We see in The Unexpected Man what we saw in Art. Reza knows how formal constraints create energy on stage. She is sharp on the dissatisfactions of cultured bourgeois life. Her characters isolate moments and pick away at them. She writes - intriguingly - about the dramas going on inside people's minds: the conversations that never take place. The Unexpected Man draws its structural vigour from anticipation. As the train travels from Paris to Frankfurt, these two move closer. But the encounter could be brief.

The literary ironies are elegant: Atkins has one of the major relationships of her life with someone she has never met. He feels old, yet his books exist in a perpetual present tense. Liking the books doesn't mean liking the man. Atkins doesn't think even the characters in Gambon's books would enjoy the books. Director Matthew Warchus shapes these enticing reveries with the same depth and polish he brought to Art. The excellent translation, again, is by Christopher Hampton.

The Basset Table opens with characters playing cards at four in the morning. The manservants are slumped around waiting for their employers to finish playing Bassett.
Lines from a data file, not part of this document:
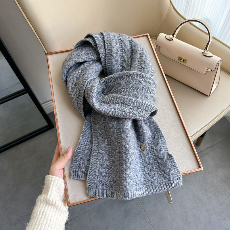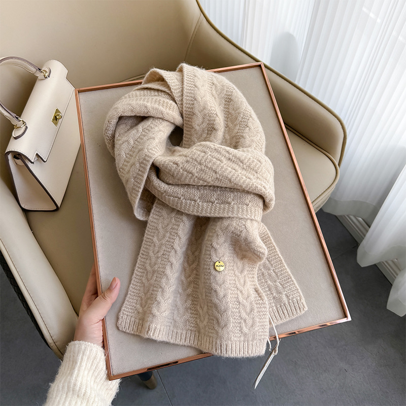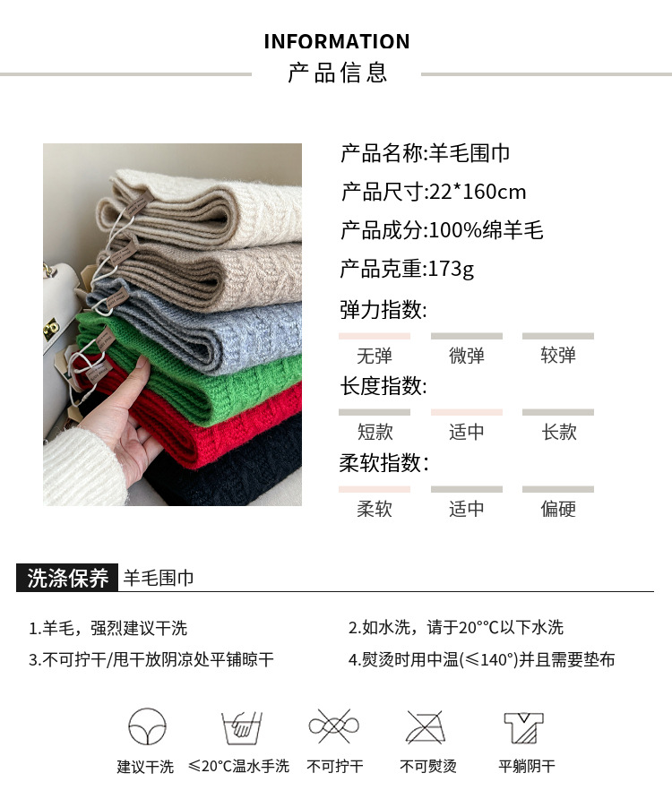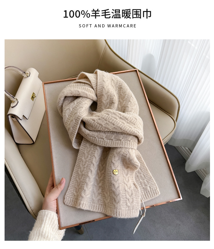 새로운 한국 스타일 간단한 단색 100% 양모 스카프 실용적인 선물 여성의 2024 가을과 겨울을위한 올 매치 따뜻한 스카프스토어 가기
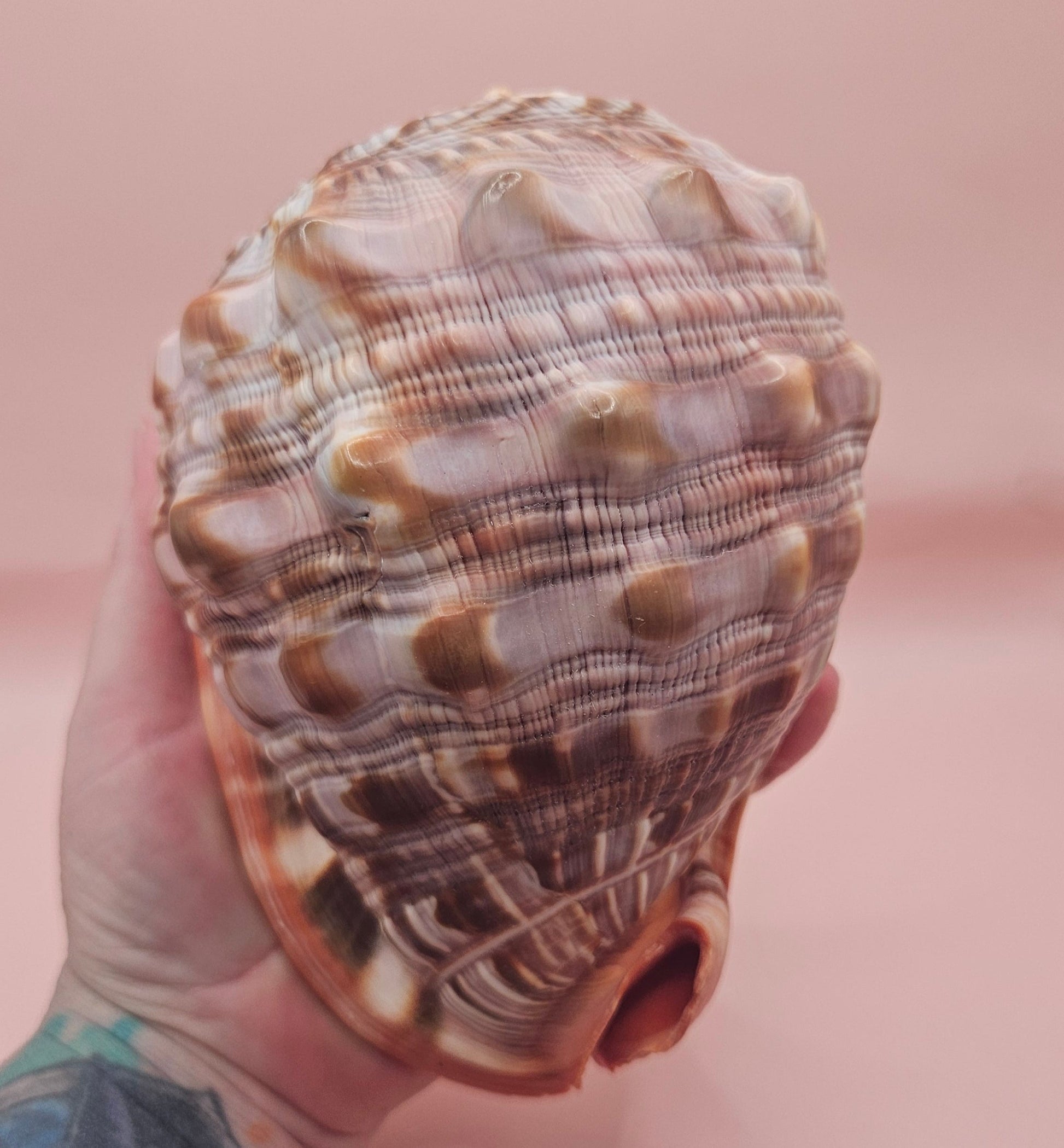 Bring the bold and beautiful textures of the sea to your home with this eye-catching bullmouth Cameo helmet shell. With its glossy peach-toned opening and intricately ridged back in rich chocolate, ivory, and slate tones, this shell creates a stunning coastal accent on any shelf or tabletop. Its unique shape and smooth finish make it perfect for display in natural light or as part of a curated ocean-inspired collection.
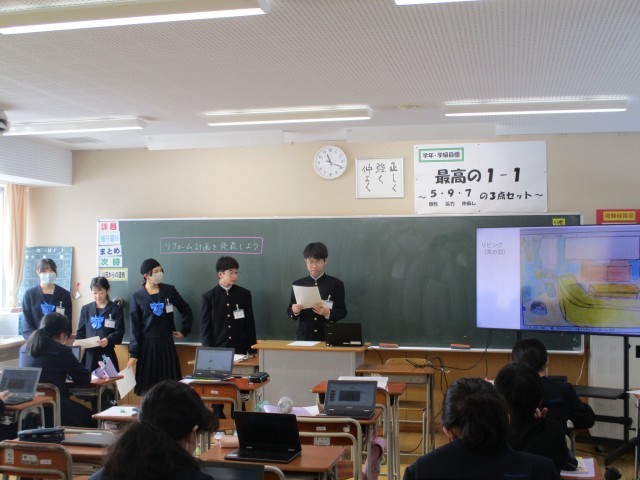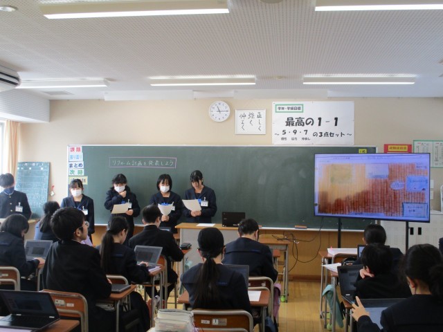 1年生の家庭科の授業で、「リフォーム大作戦発表会」を行いました。今まで住居領域で学習した内容を生かし、アニメ「サザエさん」の家をどのようにすると住みやすくるかを各自で考えました。今日は、その内容をモニターで提示しながら工夫点を班ごとに発表しました。災害対策を考えたり、高齢者や幼児が家庭内事故に遭わないよう考えたりして、住みやすくなる工夫を発表していました。
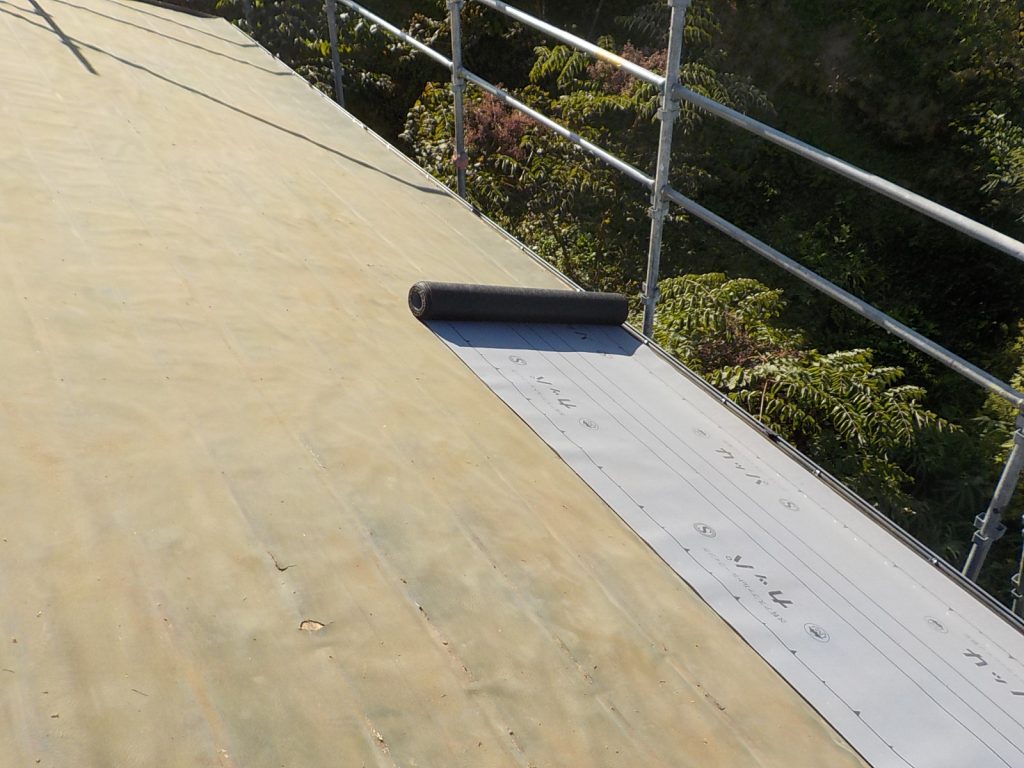下地に異常がなかったので、新たにゴムアスルーフィングを重ね張りします。
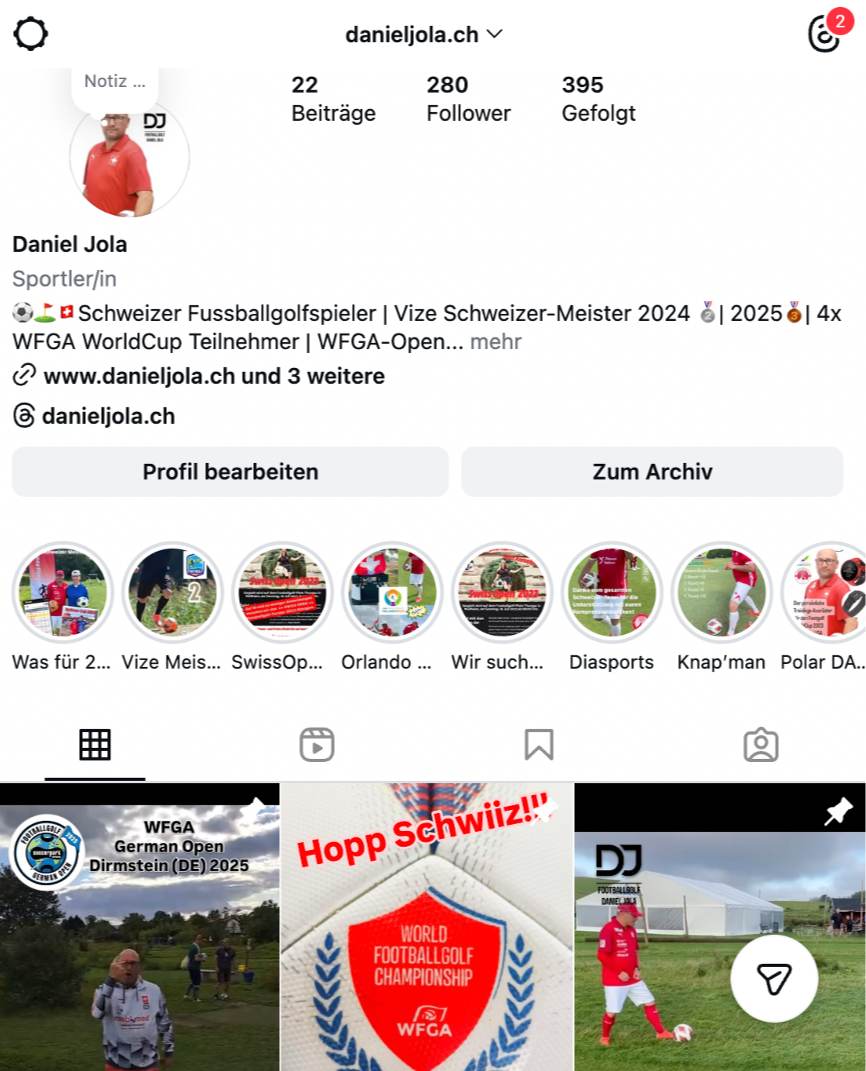 Daniel bleibt dabei fokussiert und selbstkritisch, ohne den Blick nach vorne zu verlieren: „Es ist kein Untergang – man muss hohe Ziele haben, um sie erreichen zu können. Auch wenn ich die schwierigen Trainingsmöglichkeiten (Distanz zum Fussballgolf-Platz) in der Schweiz berücksichtige und auf die letzten drei Jahre zurückblicke, in denen international vor allem die Weltmeisterschaften in Deutschland 2022, Dänemark 2023, Ungarn 2024 und Tschechien 2025 mit guten Leistungen im Vordergrund standen, muss ich mich nicht verstecken.
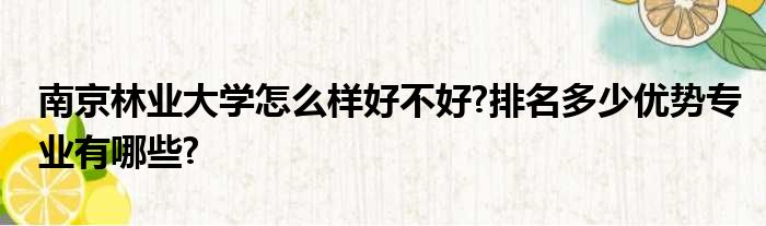 大家好,今天小六子来为大家解答以下的问题,关于南京林业大学怎么样好不好?排名多少优势专业有哪些?这个很多人还不知道,现在让我们一起来看看吧!
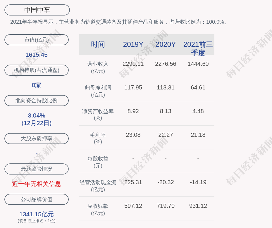2021年半年报显示,中国中车的主营业务为轨道交通装备及其延伸产品和服务,占营收比例为:100.0%。
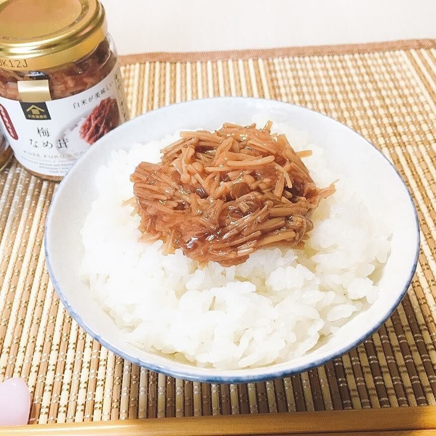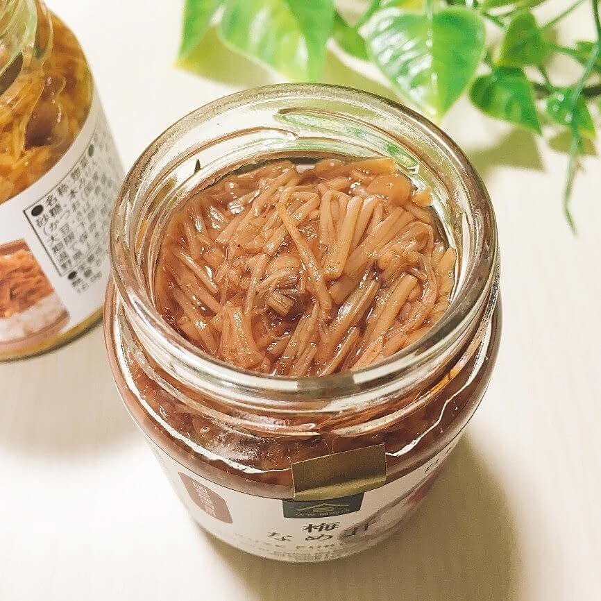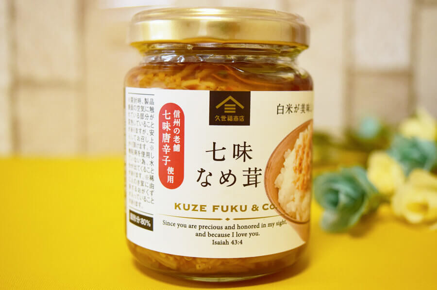 固形分が60%の商品が多い中、久世福商店の「七味なめ茸」は固形分が80%とのこと。より濃厚ななめ茸を堪能できます。
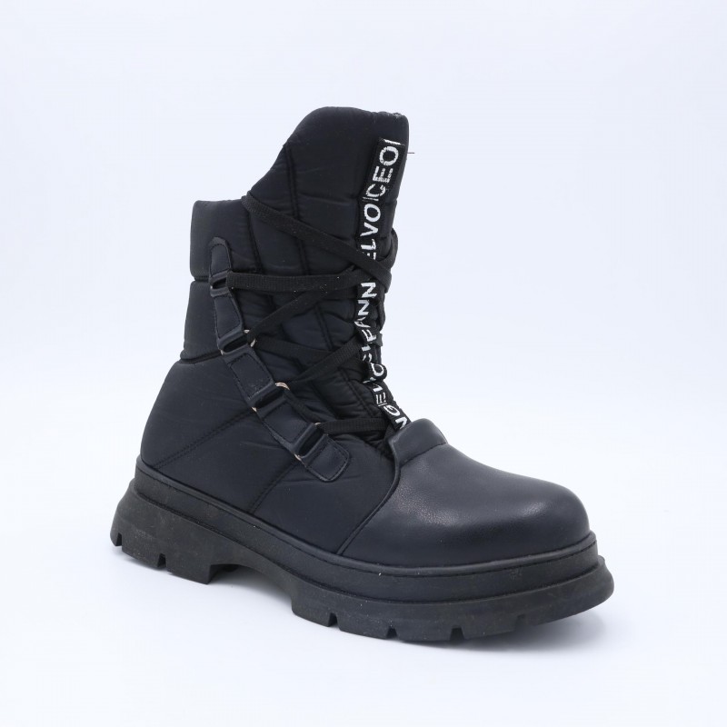 جزمة بتصميم ساق متوسط الطول للنساء لون أسود
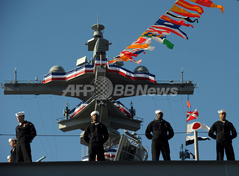 現大統領はあいさつで、第2次大戦中には海軍パイロット、1989-93年には大統領を務めた父親の業績をたたえ、「幸せな人生を歩み、望むものはほぼすべて手に入れてきた男に何を贈るべきかと考えた末、空母を思いついた」と述べた。
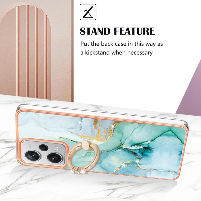 For Xiaomi Redmi Note 12 Pro+ Global Electroplating Marble IMD TPU Phone Case with Ring Holder(Green 003)
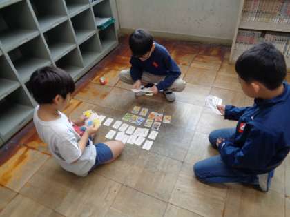 雨の日は、図書室へ行ったり、カードゲームをしたりしています!
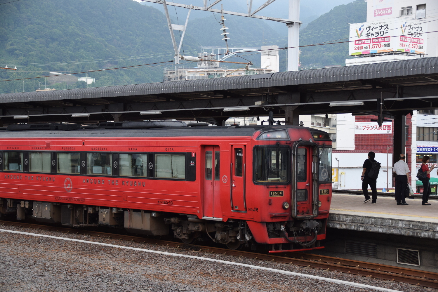 Nach Beppu führt keine Shinkansen-Linie, sondern nur Regionalzüge. Die brauchen zwar deutlich länger, sind aber netterweise mit unserem superpraktischen Japan Rail Pass ebenfalls kostenlos nutzbar. Und so zuckelte unser Zug gemütlich an Dörfern, haufenweise Reisfeldern und dem ein oder anderen Berg vorbei gen Beppu.
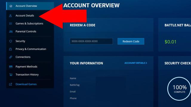 First, log into Battle.net with the account that currently has your desired number linked to it. On the left side of the website, click on the Account Details button.
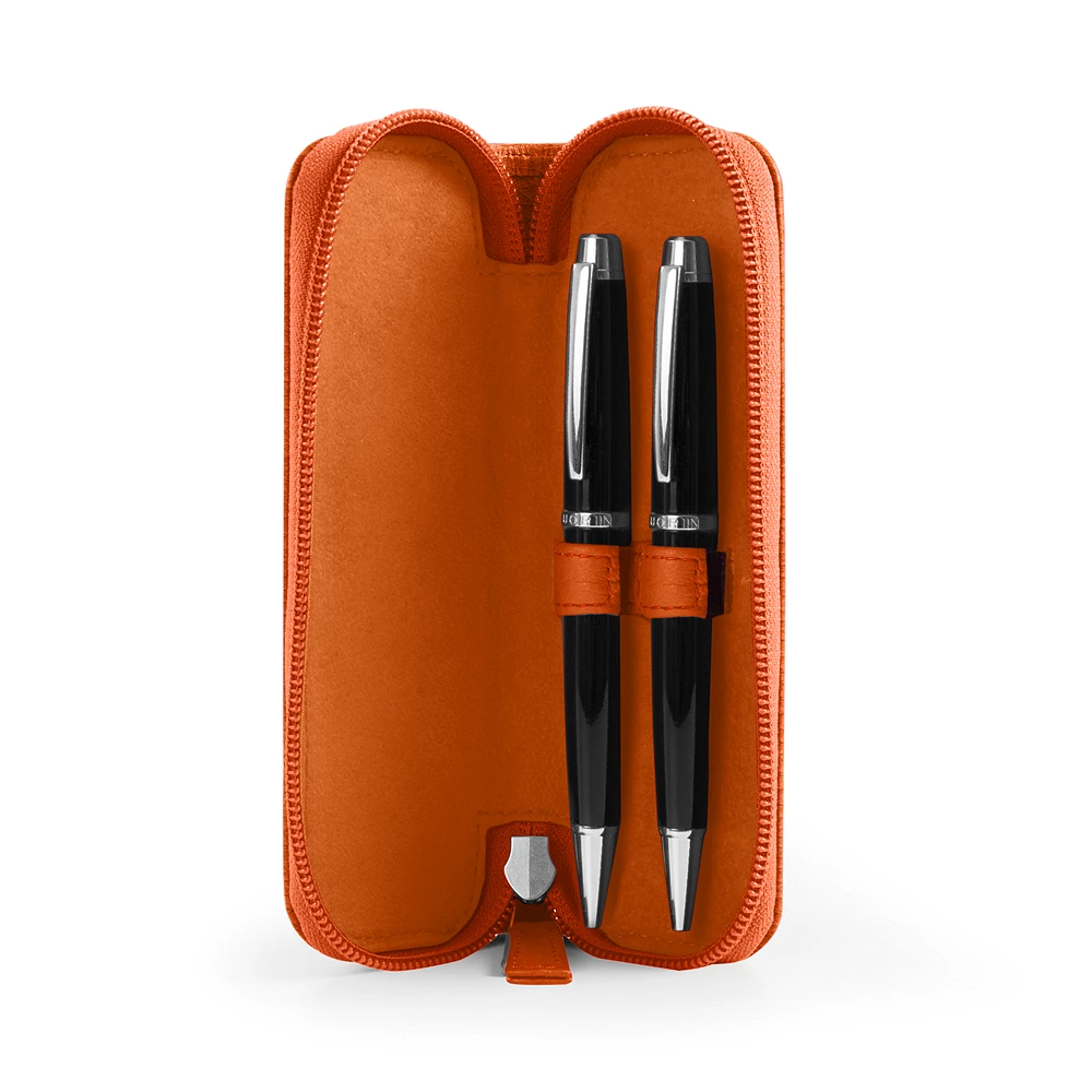 Zipped Case - 2 Pens Orange  - Pebbled Leather

It all looks good rakish fun, if you're not a manservant. Susanna Centlivre's lively restoration comedy has husbands who can't control their wives' desires for gambling or for men. Just in case 1705 sounds an awfully long time ago, director Polly Irvin treats us to blasts of rock, strobe lighting and modern footwear.

It's a shame. Half the show is good: bosoms heave, eyes flash and wrists hang suspended in the air. As Lady Reveller, Harriet Thorpe has exactly the right poise: a regal seductiveness and acidic tone. "Who could endure these men," she comments, "did they not lose their money." But some of the cast fatally send up their characters. The young men give us mannerisms when we want manners. Irvin's takes Centlivre's play, slaps on the rouge, powders its nose and sticks ringlets in its hair. Never mind the scene- changes: you want to find the rock'n'roll in the performances.

'Oedipus': BAC, SW11 (0171 223 2223), to Sun 28 Jun. 'The Unexpected Man': Duchess, WC2 (0171 494 5075). 'The Basset Table': Tricycle, NW6 (0171 328 1000), to 11 Jul.